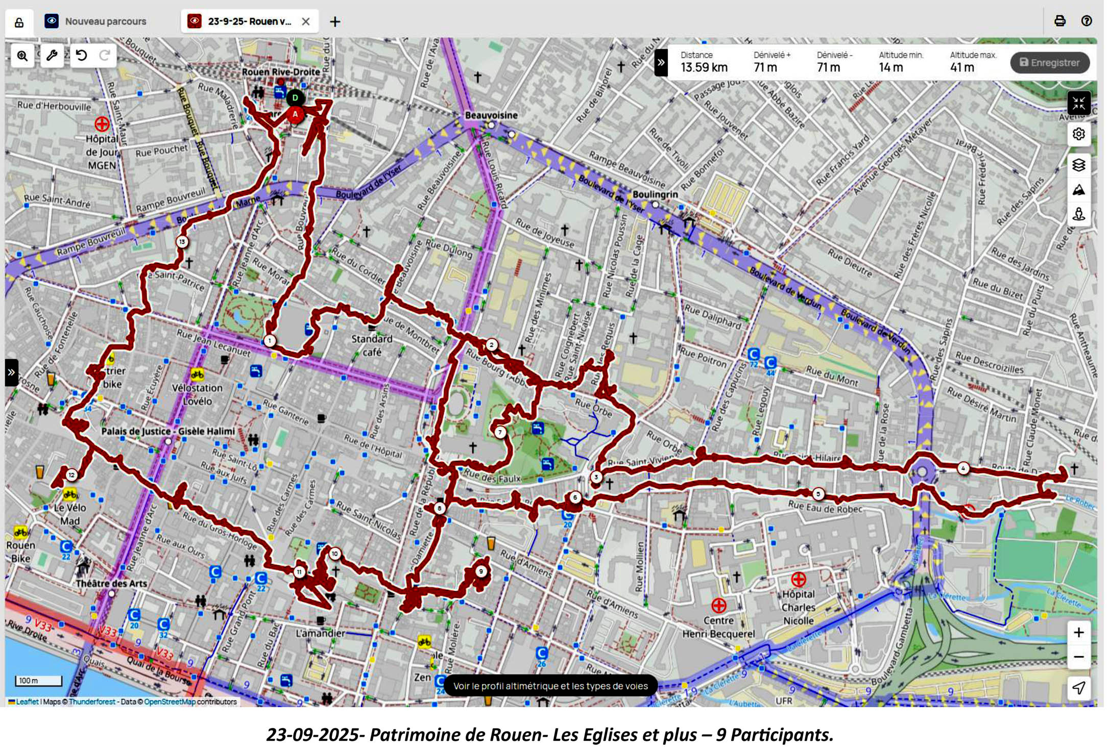 Le lieu du départ sera à la gare SNCF de Rouen pour 9h45 maxi, A la sortie de l’escalier du Métro Place B. Tissot. La visite sera un parcours des églises, mais pas que : Un exemple les maisons rue Eau de Robec, etc. – Il y a un certain nombre d’églises fermées pour travaux ou autre, mais l’architecture extérieure est de qualité, c’est bon pour les photographes randonneurs. Pas de bâtons de marche, prévoir un pique-nique du midi ou achat sur place d’un sandwich. La pause repas sera dans les environs du Jardin de l’Hôtel de ville/Abbatiale Saint Ouen. Pour le transport à vous de voir. Pour notre part nous serons au Parking du Centre Commercial LECLERC du Technopole à St Etienne du Rouvray, pour un départ par le Métro au plus tard 9 heures (les tickets peuvent être pris sur place (monnaie ou carte bancaire). A vous de faire votre choix pour le transport/déplacement. WC prévus au départ à la gare SNCF, & au jardin de St Ouen vers 12 h, en cas d’urgence, dans un bar (prévoir de pièces de 1 €) Le circuit sera dans les 13 km. Distance Bosroumois > 27 km > Rouen (temps de route 40 mn en voiture plus recherche d’un parking – Pour le métro départ du Madrillet Gare SNCF 30 mn). 9 Participants – Parcours de 13,6 Km – Temps frais le matin avec soleil après 13heures.
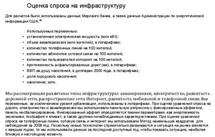 расти спрос на воздушные перевозки и телекоммуникации. Спрос на электроэнергию и дорожное строительство будет расти медленнее, если рассматривать чисто количественные показатели. В этих секторах в силу высокой стоимости строительства и острой потребности в реконструкции большей части старых объектов потребуются наиболее значительные финансовые вложения.
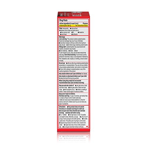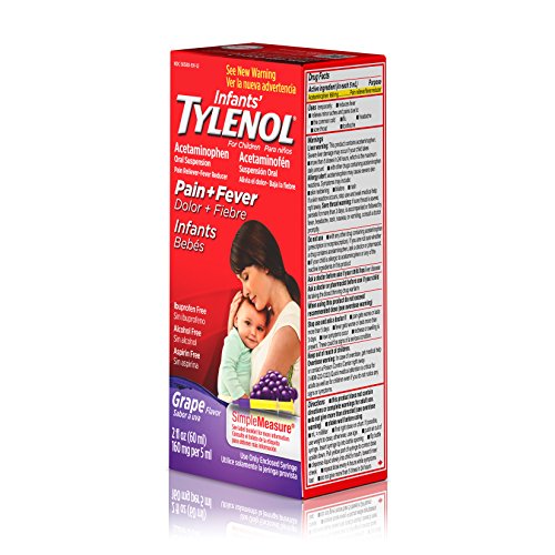 Relieve your child’s aches and pains with Infants' Tylenol Oral Suspension. Containing 160 milligrams of acetaminophen per 5 milliliter dose, this product temporarily reduces fever and relieves minor aches and pains due to the common cold, flu, sore throat, headache, and toothache. This grape-flavored product works without upsetting little stomachs. A dosing syringe is included for dispensing the proper dosage for your child's age and weight. It is intended for children 2 to 3 years; ask a doctor about dosage for infants under 2 years.Relieves minor aches and pains and reduces fever in children

Your assignment
Return the full listing exactly as it appears above, without its pictures.

Finished task
 Le lieu du départ sera à la gare SNCF de Rouen pour 9h45 maxi, A la sortie de l’escalier du Métro Place B. Tissot. La visite sera un parcours des églises, mais pas que : Un exemple les maisons rue Eau de Robec, etc. – Il y a un certain nombre d’églises fermées pour travaux ou autre, mais l’architecture extérieure est de qualité, c’est bon pour les photographes randonneurs. Pas de bâtons de marche, prévoir un pique-nique du midi ou achat sur place d’un sandwich. La pause repas sera dans les environs du Jardin de l’Hôtel de ville/Abbatiale Saint Ouen. Pour le transport à vous de voir. Pour notre part nous serons au Parking du Centre Commercial LECLERC du Technopole à St Etienne du Rouvray, pour un départ par le Métro au plus tard 9 heures (les tickets peuvent être pris sur place (monnaie ou carte bancaire). A vous de faire votre choix pour le transport/déplacement. WC prévus au départ à la gare SNCF, & au jardin de St Ouen vers 12 h, en cas d’urgence, dans un bar (prévoir de pièces de 1 €) Le circuit sera dans les 13 km. Distance Bosroumois > 27 km > Rouen (temps de route 40 mn en voiture plus recherche d’un parking – Pour le métro départ du Madrillet Gare SNCF 30 mn). 9 Participants – Parcours de 13,6 Km – Temps frais le matin avec soleil après 13heures.
 расти спрос на воздушные перевозки и телекоммуникации. Спрос на электроэнергию и дорожное строительство будет расти медленнее, если рассматривать чисто количественные показатели. В этих секторах в силу высокой стоимости строительства и острой потребности в реконструкции большей части старых объектов потребуются наиболее значительные финансовые вложения.
 Relieve your child’s aches and pains with Infants' Tylenol Oral Suspension. Containing 160 milligrams of acetaminophen per 5 milliliter dose, this product temporarily reduces fever and relieves minor aches and pains due to the common cold, flu, sore throat, headache, and toothache. This grape-flavored product works without upsetting little stomachs. A dosing syringe is included for dispensing the proper dosage for your child's age and weight. It is intended for children 2 to 3 years; ask a doctor about dosage for infants under 2 years.Relieves minor aches and pains and reduces fever in children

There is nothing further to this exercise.